Austrian oil and gas firm OMV said yesterday it had sold a stake in the North Sea Beryl field as part of plans to focus on the west of Shetland area.
OMV has offloaded a 5% stake in Beryl to an unnamed buyer for around £75million days after selling a 1.55% share of the Boa field, also in the North Sea, to Bridge Energy for £11.6million.
The firm has also taken on a 17.5% stake in the west of Shetland discoveries Tobermory and Bunnehaven from Statoil, in exchange for a 30% stake in Mariner East.
OMV already has stakes in other fields off Shetland, including a 4.84% share of BP’s Quad 204 project.
It drilled the Tornado exploration well in 2009, and is also involved in the Cambo, Jackdaw and Rosebank discoveries.
It was also a partner in Chevron’s dry Aberlour well, which was drilled recently.
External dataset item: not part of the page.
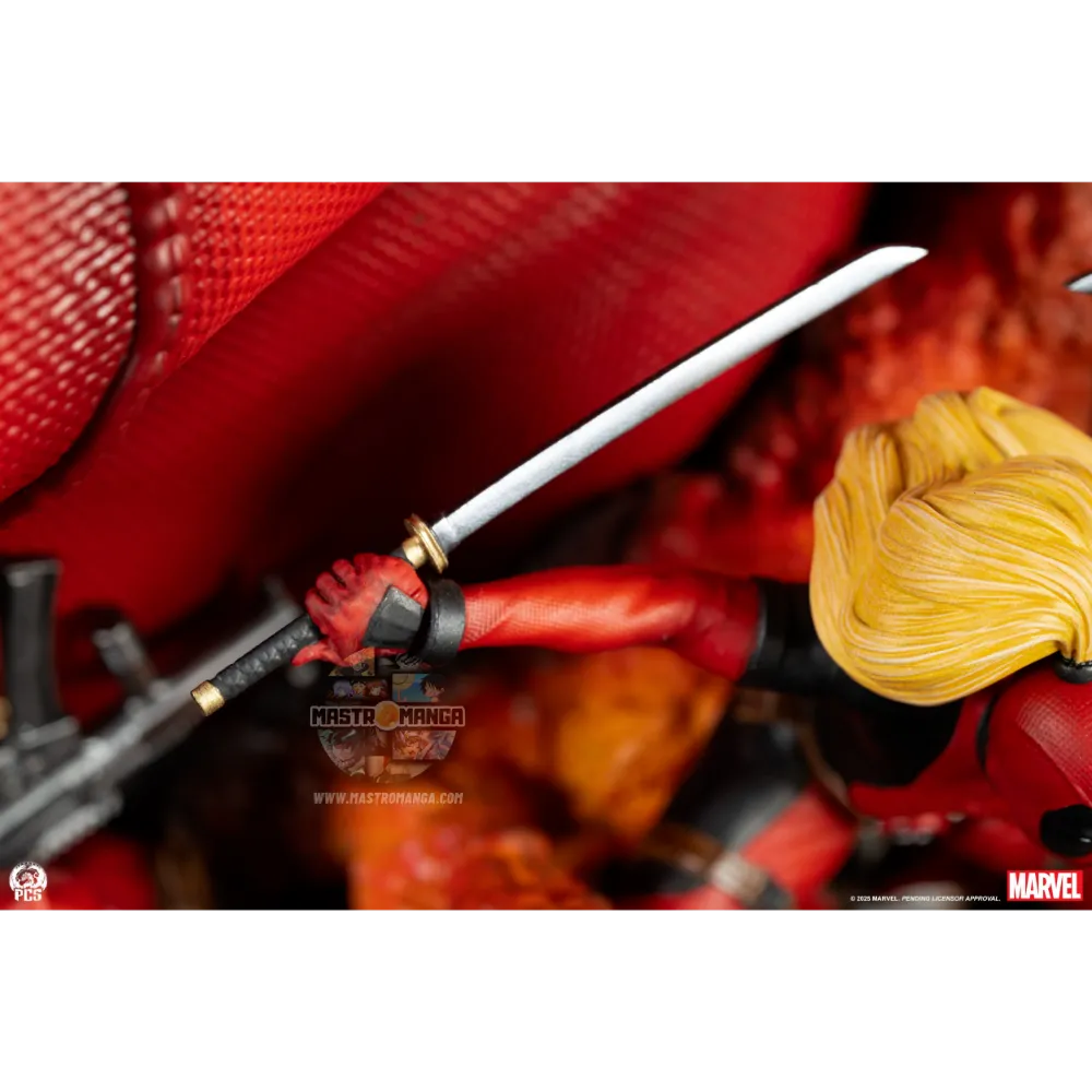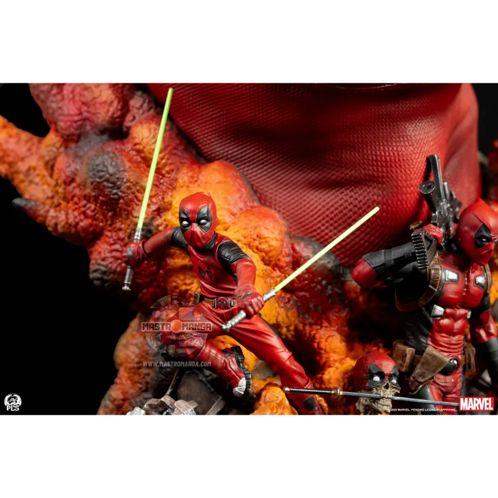Con un’altezza di 42 cm e una larghezza di 27 cm, questa straordinaria opera d’arte rappresenta una scena dinamica a 360 gradi che mostra il caotico mondo di Deadpool e dei suoi compagni, noti in alcuni ambienti come la Deadpool Corps.

Jaap Huijskes, OMV executive board member responsible for exploration and production, said: “These are the first steps in line with our strategy to concentrate our resources in the UK on the important West of Shetlands area.
“OMV has production in this area from the Schiehallion field, where the re-development project is under way and targeting first production in 2016.
“In addition we are continuing to move our important discoveries – Rosebank, Cambo and Tornado – towards development decisions.”
The OMV Tornado prospect was drilled in 2009. Pre-drill estimates were for Tornado to have 90-100million barrels of oil equivalent recoverable.